▶ **TASK GOAL**
If a record holds a picture, omit the picture, but copy everything else below exactly.

▶ **EXERCISE INPUTS**

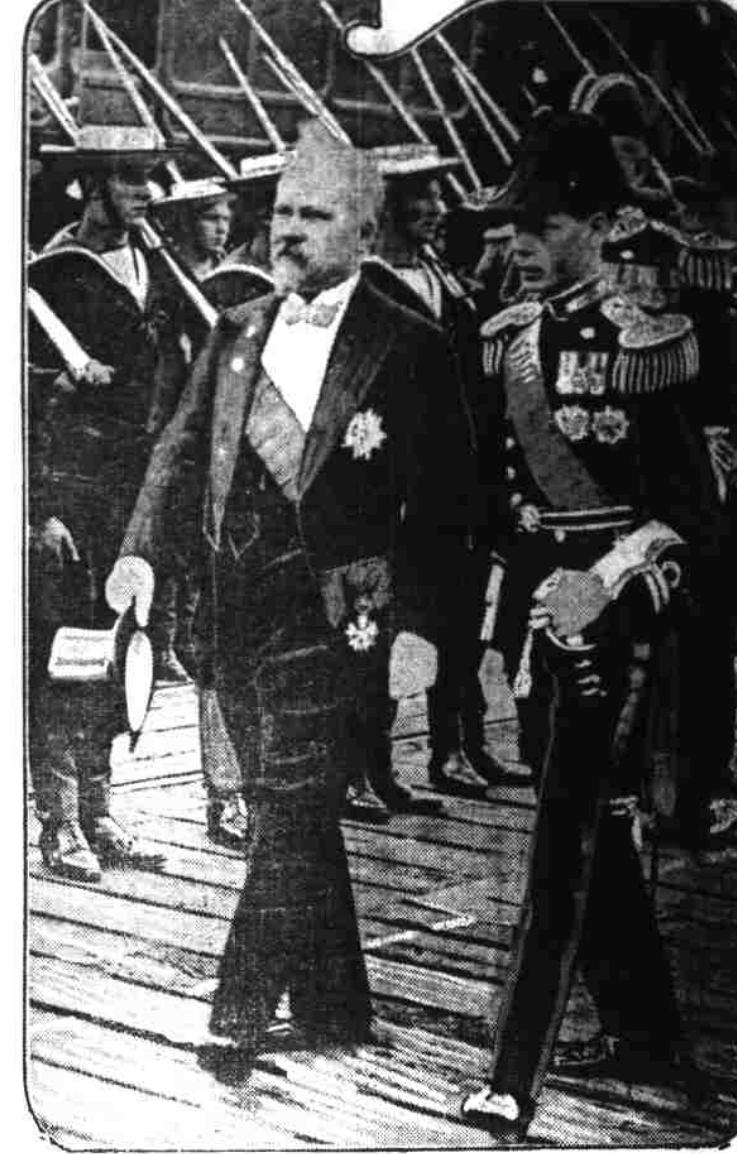
The future king of England, who has taken the field as a lieutenant, is shown here in company of President Poincaré of France.
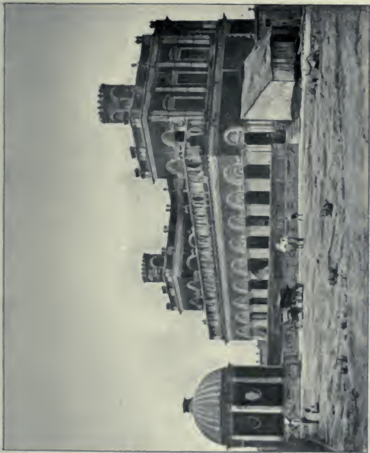
THE MOOSA BAGH
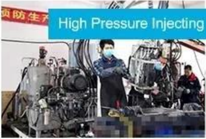
High Pressure Injecting
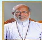
Major Arch Bishop George Card. Alencherry
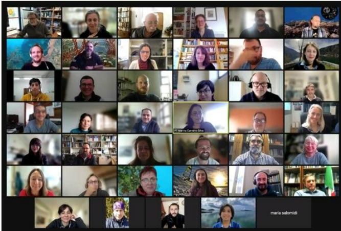
Figure 1. Screenshot from one of the Workshop plenary sessions.

▶ **SOLUTION TO THIS PROBLEM**
The future king of England, who has taken the field as a lieutenant, is shown here in company of President Poincaré of France.
THE MOOSA BAGH
High Pressure Injecting
Major Arch Bishop George Card. Alencherry
Figure 1. Screenshot from one of the Workshop plenary sessions.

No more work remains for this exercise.